RTM (レジン・トランスファー・モールディング)は、閉じた型の中に炭素繊維と樹脂を注入して硬化させる方法です。

この技術は、複雑な形状や大規模な部品の製造に適しており、自動車業界でよく利用されています。

VaRTM成形

VaRTM (バキューム・アシスト・レジン・トランスファー・モールディング)は、真空状態を利用して樹脂を繊維に浸透させる方法です。

この方法は、製品の一貫性と品質を高めるのに効果的で、航空宇宙や自動車業界で使用されています。

プレス成形

プレス成形は、加熱されたプレス機を使用して、繊維と樹脂を型に押し込みながら成形する方法です。

この方法は、大量生産に適しており、特に自動車部品などに使用されます。

SMC成形

SMC成形(シート・モールディング・コンパウンド)は、繊維と樹脂を混合したシートを型に置き、プレスして成形する方法です。
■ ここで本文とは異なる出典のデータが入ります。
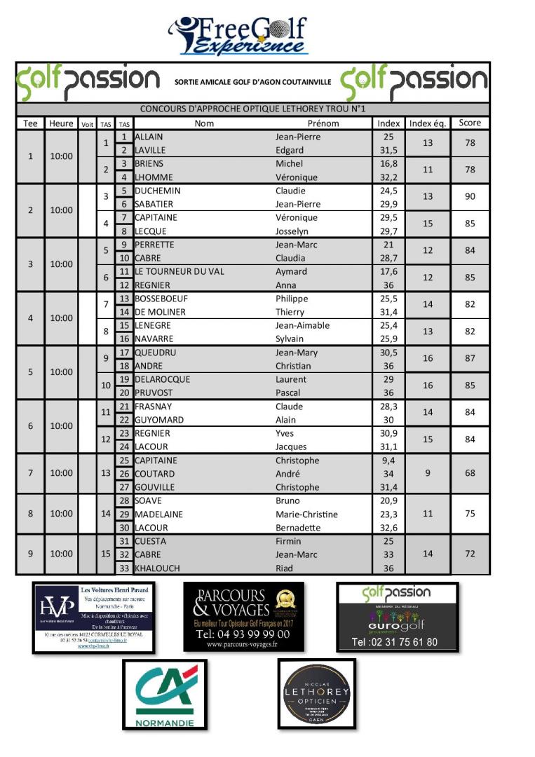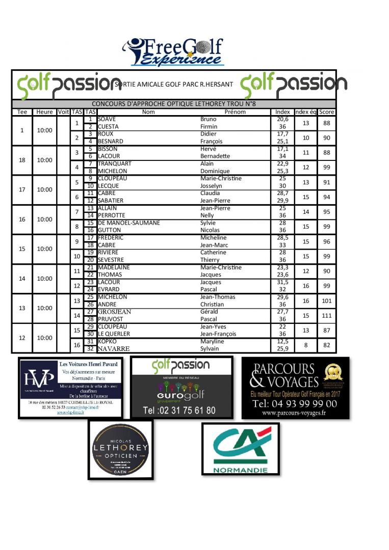 L'OPTIQUE LETHOREY (6 avenue du 6 juin à Caen) qui sponsorise le concours d'approche aura permis à FREDO et Christian DELAMARRE de remporter gourdes et serviettes logotées.

この技術は、複雑な形状や大きな部品の製造に適しています。

シートワインディング成形

シートワインディングは、繊維をシート状に巻きつけて成形する技術です。

この方法は、管状や円筒形の部品に適しており、一貫性のある品質が得られます。

フィラメントワインディング成形

フィラメントワインディングは、連続的な繊維を型に巻きつけながら樹脂を注入して成形する方法です。

この技術は、高圧タンクやパイプなどの製造に使用されます。

連続引抜き(プルトルージョン)成形

連続引抜き成形は、繊維を樹脂に浸してから連続的に引き抜いて成形する方法です。

この技術は、長尺部品の製造に適しています。

射出(インジェクション)成形

射出成形は、繊維と樹脂を混合した材料を高圧で型に注入して成形する方法です。

この方法は、小規模な複雑な部品の製造に適しており、大量生産にも用いられます。

これらの成形方法により、CFRPは様々な用途に応じた製品に加工され、多くの産業分野でその特性を活かしています。

まとめ

いかがでしたでしょうか。今回は「CFRP(炭素繊維強化プラスチック)」について解説してきました。

CFRPは、現代の製造業において重要な役割を担っています。

高い強度と軽量性を持つCFRPは、資源の節約やエネルギー効率の向上といった環境保護にも大きく貢献しています。

さらに、CFRPを剥離して材料を再利用することができれば、現在よりも環境保護の貢献に繋がり、皆さんの生活が豊かになることは間違いありません。

弊社、株式会社三和鍍金では50種類を超える表面処理の取り扱いだけでなく、環境保護に繋がる剥離事業にも事業内容を拡大しております。

「表面処理」「剥離」「リサイクル」に関することでしたら是非一度お気軽にご連絡ください。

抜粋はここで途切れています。